December 31, 2009

Went with the kids to see AVATAR. (My brother-in-law recommended it.) Fantasy is so much fun. The canvas is so big, you can do anything. Great world-creating here, stunning imaginative and visual power. Story was, no surprise, something less; but these kinds of things always get me charged up, make me want to see great new Catholic works, stories where the subtext radiates truth. Imagine going to the movies and actually seeing great work. Think of the scope, the diversity, the actual human condition. And I do believe that is going to happen. Christ is risen!

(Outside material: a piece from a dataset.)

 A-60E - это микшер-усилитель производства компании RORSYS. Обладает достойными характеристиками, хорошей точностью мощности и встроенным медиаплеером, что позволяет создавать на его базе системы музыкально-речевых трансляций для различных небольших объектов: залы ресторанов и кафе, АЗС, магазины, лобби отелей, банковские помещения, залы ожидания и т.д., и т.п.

This one was pure Obama/Oprah. You can make a list: The United Fruit Company, Al Gore, noble savage/Native Asian Americans, paganism, national health care, an embracing of Islam.

The setting and backdrop of the story would've made Ernesto Cardinal smile. It's the UFC in Nicaragua all over again: the US invaded the country nine times in the 20th century by his count, never built a school or a road into the capital. All roads led to the "bidness," as an Oklahoma evangelical businessman might phrase it. Bottom line: we need those bananas, boys. But the setting is equal opportunity here, and it morphs into the Iroquois, Iraq & oil as well; characters actually use Frost's "displacements"--word choices which suggest other meanings/resonances. In this film you hear the turned-good Caucasians actually warm up to the words "terrorism" and "suicide bomber" when they see the light and turn native blue (purple knifs--Cleveland joke . . . sorry).

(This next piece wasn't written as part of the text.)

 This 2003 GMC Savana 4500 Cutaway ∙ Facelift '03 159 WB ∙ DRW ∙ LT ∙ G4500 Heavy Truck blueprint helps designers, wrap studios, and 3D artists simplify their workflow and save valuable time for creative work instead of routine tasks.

So in effect the blue world here (Max) becomes any indigenous victim of the Republican imperialist machine: South & Central America, Vietnam, the Mid-East, the US. And just to try and put us off the scent, the director throws in a couple of red herrings as well. At one point, for example, Sigourney Weaver's character says of the Mother worshipping natives: "They're not pagans." Huh? . . . And the limp-legged hero victim who can't get healed because his country has no national health care claims he doesn't want to become a "tree hugger." (But wait, he does finally die and gets to leave his hated human body, so maybe that works--the skin shed. BLUE IS TRUE.)

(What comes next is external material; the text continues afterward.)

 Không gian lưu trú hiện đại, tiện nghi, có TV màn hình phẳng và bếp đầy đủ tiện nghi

And there it is, the whole sorry batch. But we've been down this Hollywood trail before.

Al Gore and the noble savage/Native Asian Americans show up too of course--anything that is not "Christianity" will do.

(As an aside, I'm still waiting for John Kerry to win his Nobel. He should whine about it--but maybe that's the problem. His face is in the dictionary next to the word. Now Sweden is all about whining, but they want to look normal. . . . Still, skipping him just doesn't seem fair. In a way, he is this movie. On the ride home, I told my son that the film reminded me of those Kerry/Edwards stickers you still see on cars. . . . Now I'm no fan of that WASP muzzle-loader, Cheney, but Hollywood's glitter-socialists are every bit as pathetic.)

I put Christianity in quotes as far as this movie goes because Hollywood has no idea what Christianity is. To them it's Falwell, Jimmy Swaggart. (Catholics are not as hard on pagans or the environment.) And so our director, in a spike of heroic neandrathal insight, takes the required hard left. The capitalists have destroyed their world (see Walli) and now they must take out anyone not like them: any and all third world peoples. In this version, those would be the sinless blues who live in a world without mosquitoes or greed.

Why is the world so stupid?

St. Francis, true lover of the natural world, pray for us.

And keep writing, Catholics! Things will get better.